__Task statement__.
Reproduce every line below exactly as written; do not include the images.

__Stored data__.
Start of Block

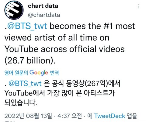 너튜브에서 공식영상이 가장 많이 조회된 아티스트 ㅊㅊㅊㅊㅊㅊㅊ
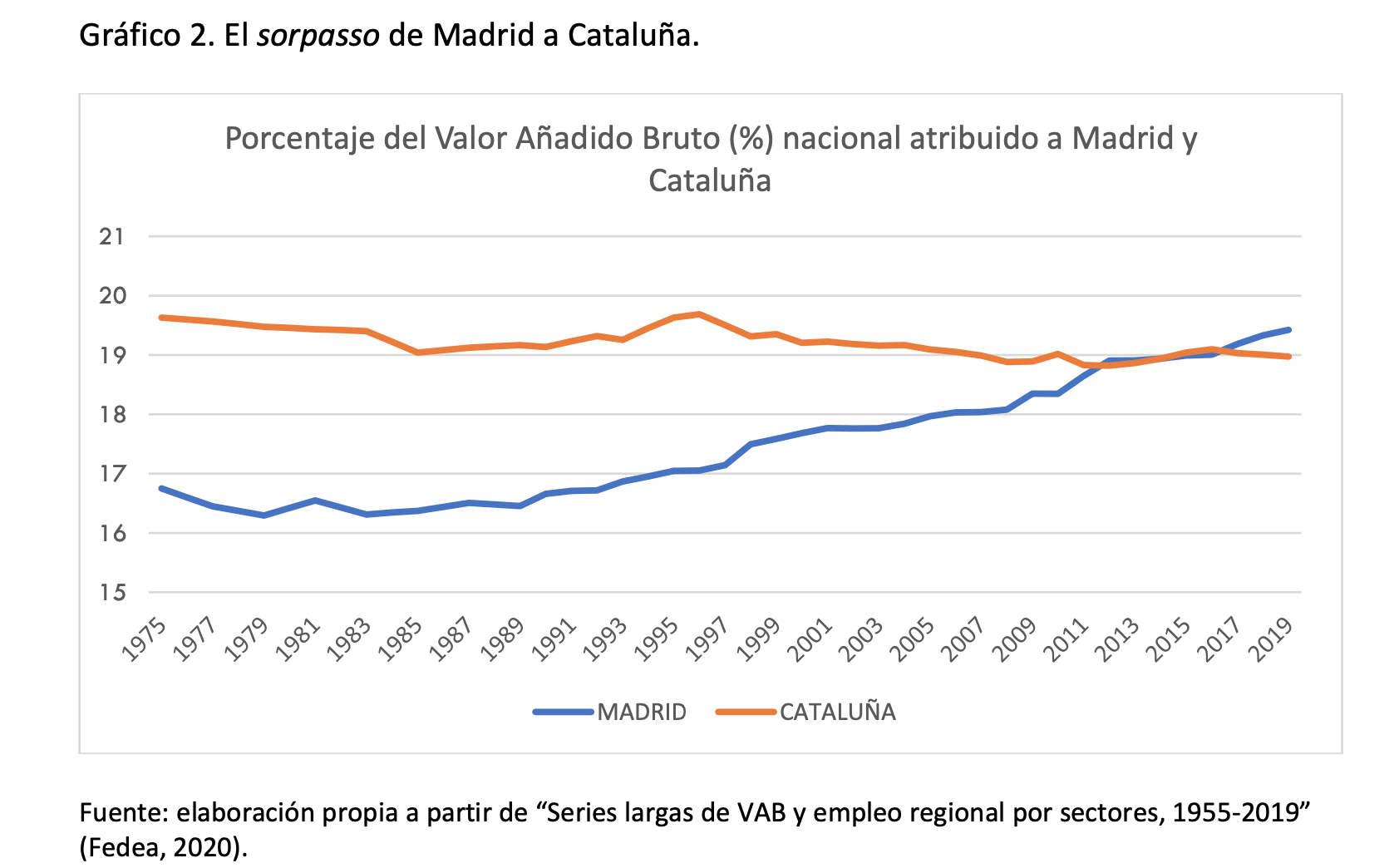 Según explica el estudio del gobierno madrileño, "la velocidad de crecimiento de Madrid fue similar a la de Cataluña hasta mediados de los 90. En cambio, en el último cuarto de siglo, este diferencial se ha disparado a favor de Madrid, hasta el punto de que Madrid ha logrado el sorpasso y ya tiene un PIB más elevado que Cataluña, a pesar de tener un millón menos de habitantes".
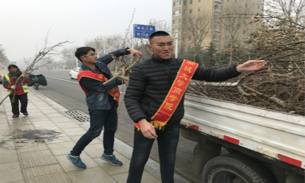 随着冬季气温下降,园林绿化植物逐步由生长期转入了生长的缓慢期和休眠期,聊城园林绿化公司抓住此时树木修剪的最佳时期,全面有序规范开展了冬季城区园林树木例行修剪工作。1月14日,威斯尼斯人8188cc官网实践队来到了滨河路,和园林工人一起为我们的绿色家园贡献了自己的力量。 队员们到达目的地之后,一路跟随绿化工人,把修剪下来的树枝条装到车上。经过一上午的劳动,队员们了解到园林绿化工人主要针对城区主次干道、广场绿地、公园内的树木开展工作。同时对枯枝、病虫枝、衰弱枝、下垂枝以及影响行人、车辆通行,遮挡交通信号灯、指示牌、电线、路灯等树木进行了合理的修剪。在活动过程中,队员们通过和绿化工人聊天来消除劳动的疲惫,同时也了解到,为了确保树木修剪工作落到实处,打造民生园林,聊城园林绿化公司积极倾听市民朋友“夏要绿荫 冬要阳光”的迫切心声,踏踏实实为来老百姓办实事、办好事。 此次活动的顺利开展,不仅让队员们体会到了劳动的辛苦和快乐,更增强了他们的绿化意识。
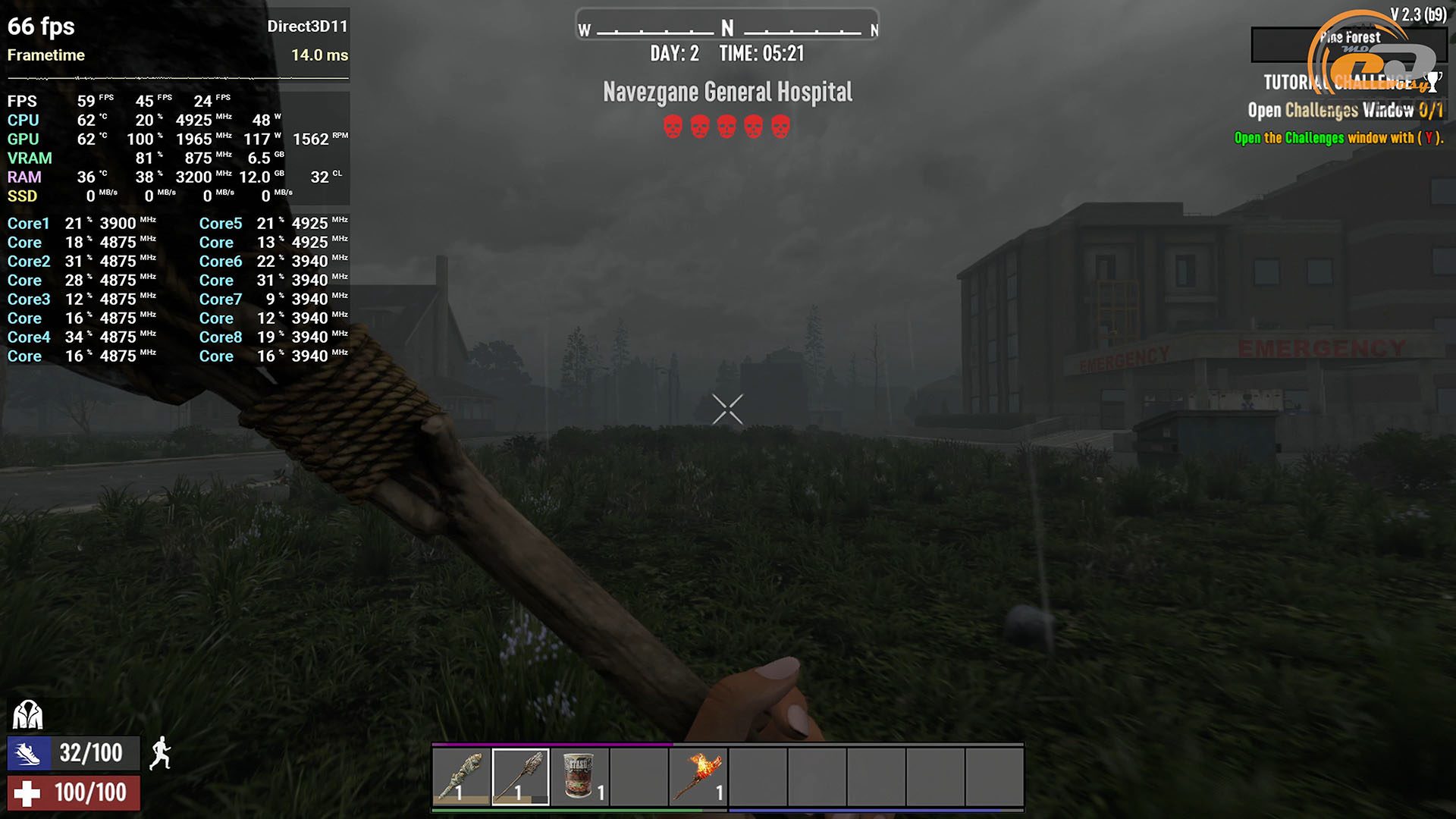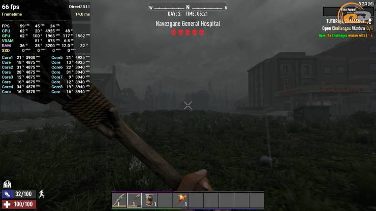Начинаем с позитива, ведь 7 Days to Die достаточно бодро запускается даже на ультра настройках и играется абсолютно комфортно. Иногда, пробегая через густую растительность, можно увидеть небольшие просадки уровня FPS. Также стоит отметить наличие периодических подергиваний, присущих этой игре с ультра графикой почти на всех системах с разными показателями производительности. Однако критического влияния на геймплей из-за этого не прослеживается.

End of Block

__Answer to the exercise__.
 너튜브에서 공식영상이 가장 많이 조회된 아티스트 ㅊㅊㅊㅊㅊㅊㅊ
 Según explica el estudio del gobierno madrileño, "la velocidad de crecimiento de Madrid fue similar a la de Cataluña hasta mediados de los 90. En cambio, en el último cuarto de siglo, este diferencial se ha disparado a favor de Madrid, hasta el punto de que Madrid ha logrado el sorpasso y ya tiene un PIB más elevado que Cataluña, a pesar de tener un millón menos de habitantes".
 随着冬季气温下降,园林绿化植物逐步由生长期转入了生长的缓慢期和休眠期,聊城园林绿化公司抓住此时树木修剪的最佳时期,全面有序规范开展了冬季城区园林树木例行修剪工作。1月14日,威斯尼斯人8188cc官网实践队来到了滨河路,和园林工人一起为我们的绿色家园贡献了自己的力量。 队员们到达目的地之后,一路跟随绿化工人,把修剪下来的树枝条装到车上。经过一上午的劳动,队员们了解到园林绿化工人主要针对城区主次干道、广场绿地、公园内的树木开展工作。同时对枯枝、病虫枝、衰弱枝、下垂枝以及影响行人、车辆通行,遮挡交通信号灯、指示牌、电线、路灯等树木进行了合理的修剪。在活动过程中,队员们通过和绿化工人聊天来消除劳动的疲惫,同时也了解到,为了确保树木修剪工作落到实处,打造民生园林,聊城园林绿化公司积极倾听市民朋友“夏要绿荫 冬要阳光”的迫切心声,踏踏实实为来老百姓办实事、办好事。 此次活动的顺利开展,不仅让队员们体会到了劳动的辛苦和快乐,更增强了他们的绿化意识。
Начинаем с позитива, ведь 7 Days to Die достаточно бодро запускается даже на ультра настройках и играется абсолютно комфортно. Иногда, пробегая через густую растительность, можно увидеть небольшие просадки уровня FPS. Также стоит отметить наличие периодических подергиваний, присущих этой игре с ультра графикой почти на всех системах с разными показателями производительности. Однако критического влияния на геймплей из-за этого не прослеживается.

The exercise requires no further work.